2.5. Binding Specificity Assay

100 µL of 10 mM Nα,Nα-Bis(carboxymethyl)-L-lysine hydrate (Sigma Aldrich Cat# 14580) in 0.1 M NaPO4, pH 8, was dispensed into each well of a maleic anhydride-activated microtiter plate (Thermo Scientific Cat#15100) and incubated overnight at room temperature. The plate was subsequently rinsed thrice with 300 µL of 0.05% TBST buffer. The plate was blocked by incubating with 3% BSA in 0.05% TBST buffer for 2 hours at the room temperature. The plate was subsequently rinsed thrice with 300 µL of 0.05% TBST buffer. The plate was subsequently incubated with 20 µM metal salts for 20 minutes at the room temperature. Plates coated with metal ions were incubated with 100 µL of 10^9 PFU of selected clones in TBS buffer per well. Plates were incubated for 60 minutes at room temperature with shaking at 100 rpm on a plate shaker. Unbound phages were eliminated, and the plate was rinsed ten times with 300 µL of 0.05% TBST buffer. For phage elution, 100 µL of 0.2 M Glycine-HCl (pH 2.2) was utilized, followed by a 15-minute incubation at room temperature, after which 15 µL of 1 M Tris-HCl (pH 9.1) was incorporated. Eluted phages were titered following the procedure outlined in The Ph.D.™-7 Phage Display Peptide Library Kit manual utilizing LB/IPTG/Xgal plates. Binding specificity is expressed as the phage titer eluted from wells coated with the chosen metal .

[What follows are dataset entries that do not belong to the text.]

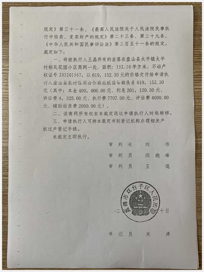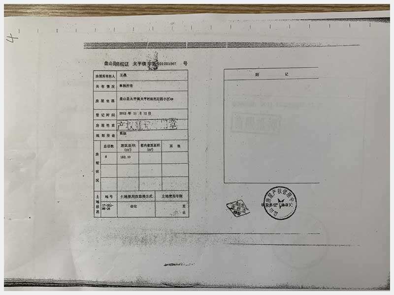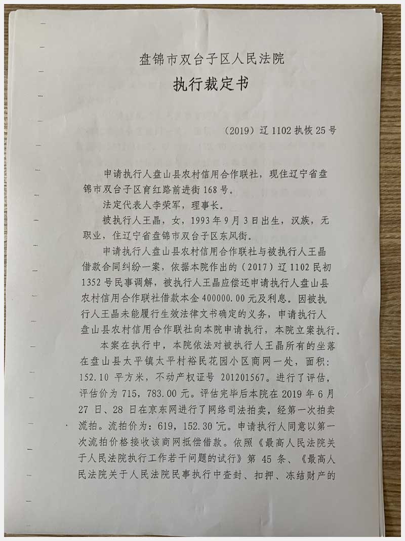 地址:盤錦盤山縣太平鎮(zhèn)太平村裕民花園小區(qū)4#(王晶) 標的號:29
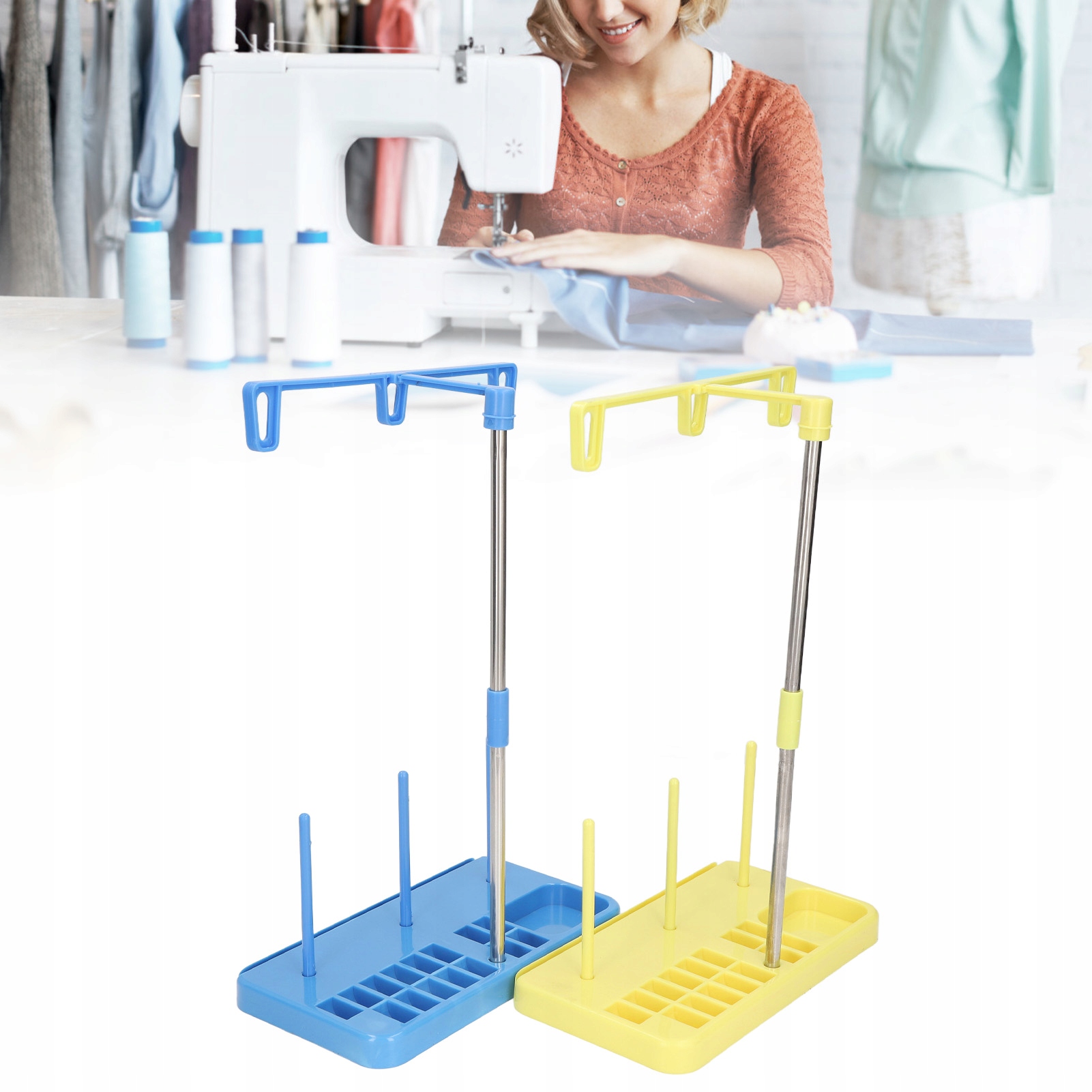 4. Прочный материал: эта подставка для ниток с 3 катушками изготовлена из высококачественного пластика и алюминия, она безопасна, экологична и долговечна.
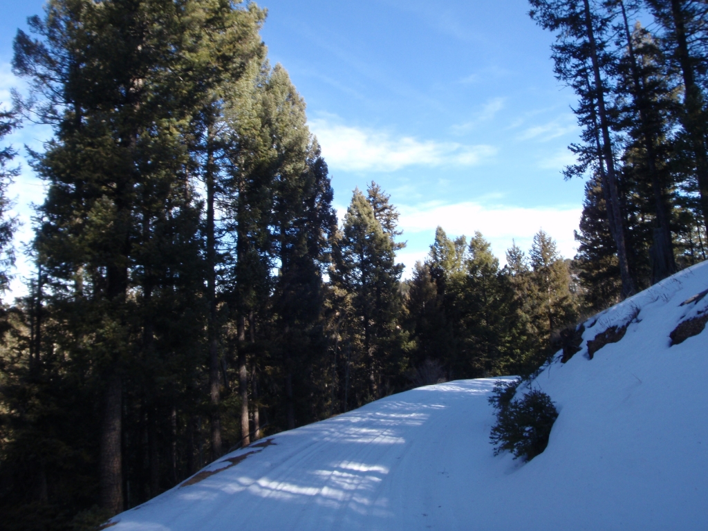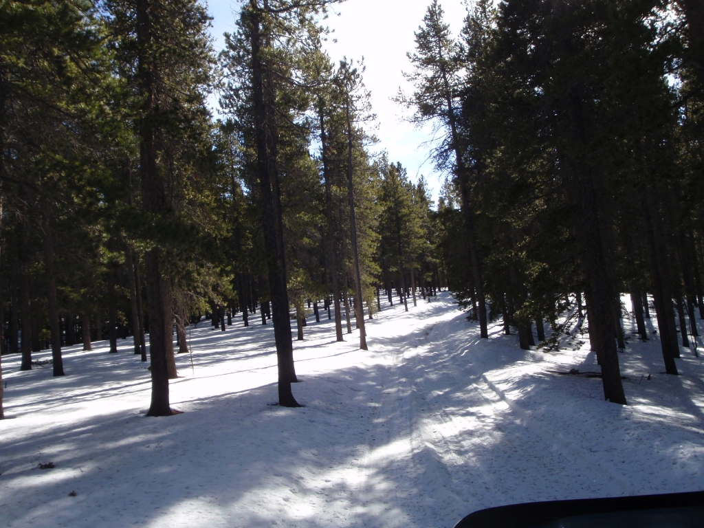 We headed down the trail, and we were about halfway into the trail when the truck tracks disappeared and the snow was getting deeper. The rest of Ice Cave Creek Road was slow going in the deep snow and making it through the big snow drifts.
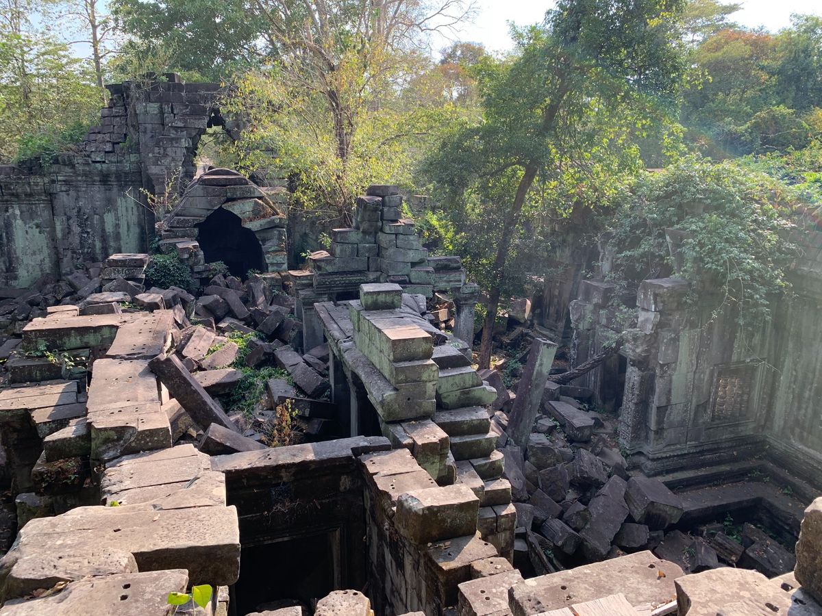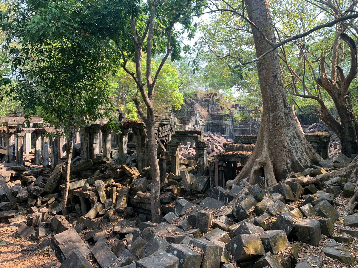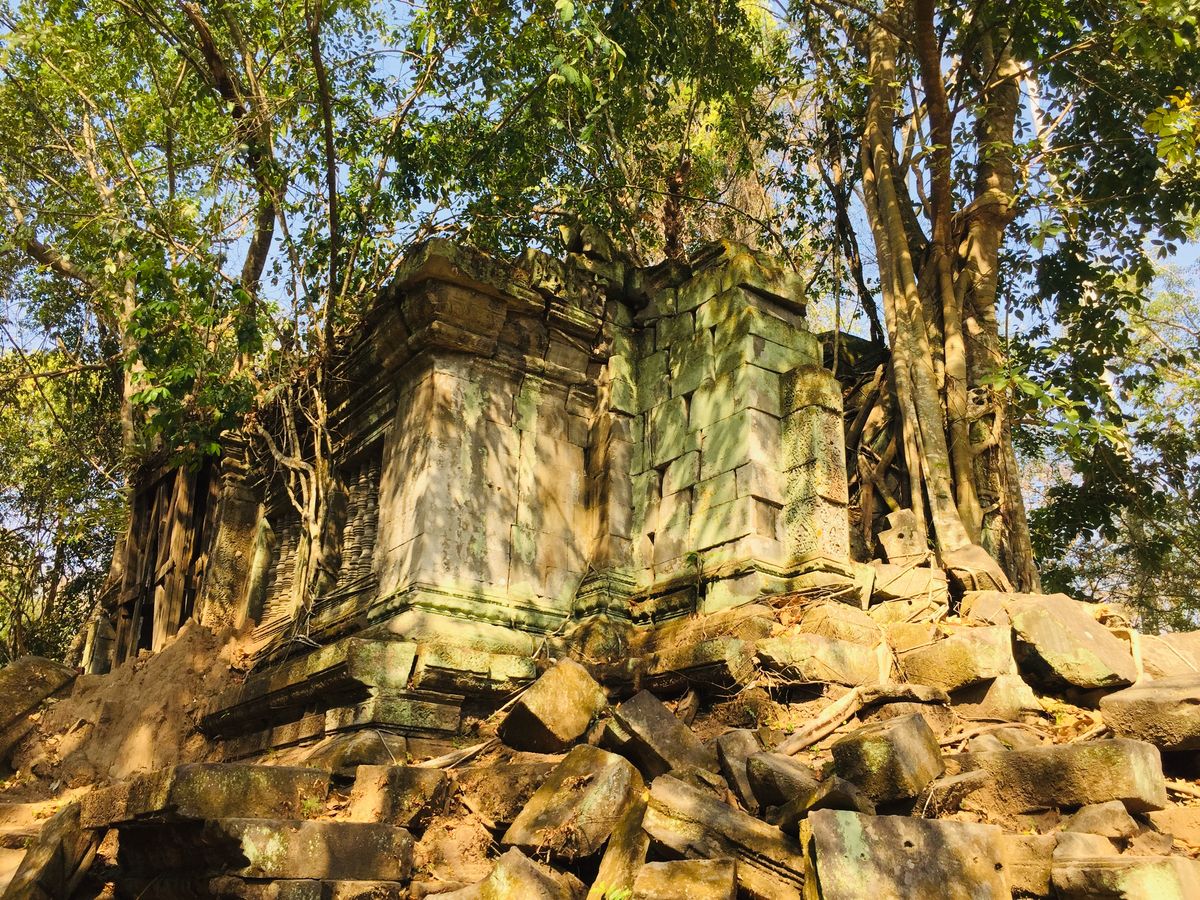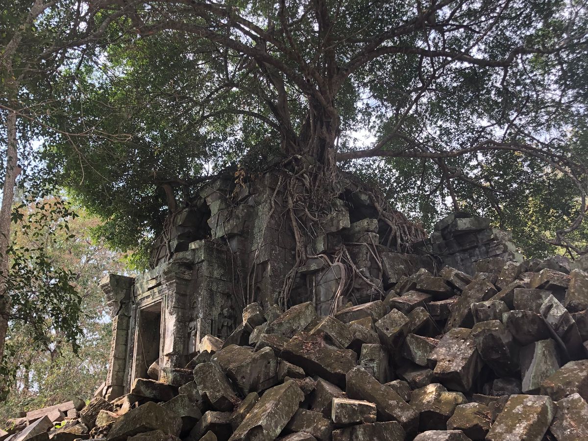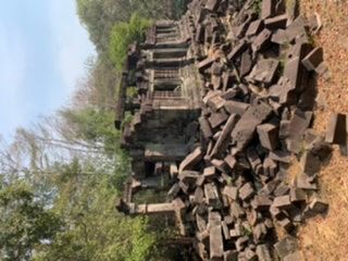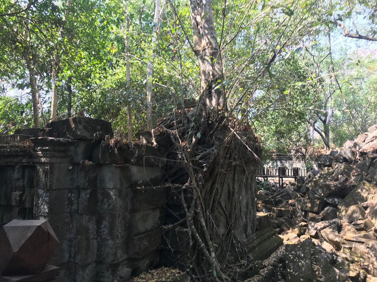 ベンメリアは森の中にある寺院で木を伐採されたり、遺跡の盗掘、自然破壊で今のような姿になっているとのことでした。森林の中にあり、影があるので思ったより涼しく、アンコールワットより快適に観光できました。乾季なので苔むした感じはありませんでしたが、遺跡が崩れているのが大変絵になる素晴らしい場所でした。アップダウンがあり、冒険してるような体験ができました。2年後には世界遺産に登録されるそうです。

2.6. Peptide Synthesis, Modification and Characterization

Using microwave-assisted Fmoc solid-phase peptide synthesis (SPPS), the peptide with the sequence Dansyl-Met-His-Ile-Pro-His-Glu-Lys-Trp-NH2 was synthesized on Rink Amide resin (0,1 mmol). Peptide chain elongation was performed utilizing an Initiator+ Alstra™ (Biotage, Sweden) automated microwave peptide synthesizer. Couplings were carried out twice for 5 minutes at 75 °C utilizing Fmoc-amino acid (5 equivalents), DIC (5 equivalents), and Oxyma (5 equivalents) in DMF. The deprotection of the Fmoc group utilized a 20% piperidine solution in DMF at room temperature (1 x 3 minutes, 1 x 10 minutes). DNS was introduced at the N-terminal side of the peptide in a separate step. To this end, DNS (5 equivalents) and TEA (3 equivalents) were introduced to the peptidyl resin in darkness for 4 hours. The DNS-labeled peptide was cleaved from Rink Amide resin utilizing a cleavage solution of TFA/TIS/H2O (95:2.5:2.5) for 2 hours, precipitated with anhydrous, cold diethyl ether, and subsequently lyophilized. The resultant product was characterized utilizing a reverse-phase HPLC Shimadzu system (Prominence-i LC-2030C Plus, Shimadzu, Japan) equipped with a Jupiter 4 µm Proteo, 90Å, 4.6 x 250 mm column, employing UV detection at λ=224 nm. A linear gradient method was applied, transitioning from 5 to 95% solvent B over 60 minutes at a flow rate of 1 mL/min, where solvent A was water and solvent B was acetonitrile, both containing 0.1% TFA. Electrospray ionization mass spectrometry (ESI MS) in positive ion mode was conducted utilizing a single quadrupole mass spectrometer (LCMS 2020 Shimadzu, Japan). Isocratic elution at 60% B, with eluent A comprising water and 0.1% formic acid (LCMS grade) and eluent B consisting of acetonitrile (LCMS grade) with 0.1% formic acid, was conducted at a flow rate of 1.5 mL/min.

2.7. General Spectroscopy Measurements

DNS–P-11, a highly soluble fluorescent peptide, was dissolved in double-distilled water to create a 2 mM DNS–P-11 solution, which was stored at 4ºC. The solutions of metal ions were derived from Hg(NO3)2, Pb(NO3)2, MnCl2, ZnSO4, CuSO4, and NiCl2. Standard solutions of Cd, Cr, NaAsO2, KCl, and NaCl in double distilled water at a concentration of 10 mM. Subsequent to appropriate dilution, the resultant stock solution was utilized for all spectral measurements. The Synergy H1MG Multimode Microplate Reader (BioTek Instruments, United States) was employed to assess the fluorescence spectra on a 96-well plate featuring an F-bottom from Greiner Bio-One. The excitation wavelength for the dansyl fluorophore was established at 330 nm.

3. Results and Discussion

3.1. Phage Display Derived Unique Peptide for Cu²⁺ Ions Detection

After the entire biopanning procedure 240 monoclonal Cu(II)-binding M13 virus plaques containing phage monoclonal peptides were isolated for phage amplification and DNA sequencing. DNA sequences were successfully obtained for all of the clones. A total of 20 individual clones containing distinctive peptides were identified from selected 240 plaques. The biopanning procedure proved effective, demonstrated by the increased binding affinity of phage clones with Cu(II)-binding peptides to Cu(II). P-10, P-11, P-12, P-18, and P-20 demonstrated the greatest affinity (Figure 1).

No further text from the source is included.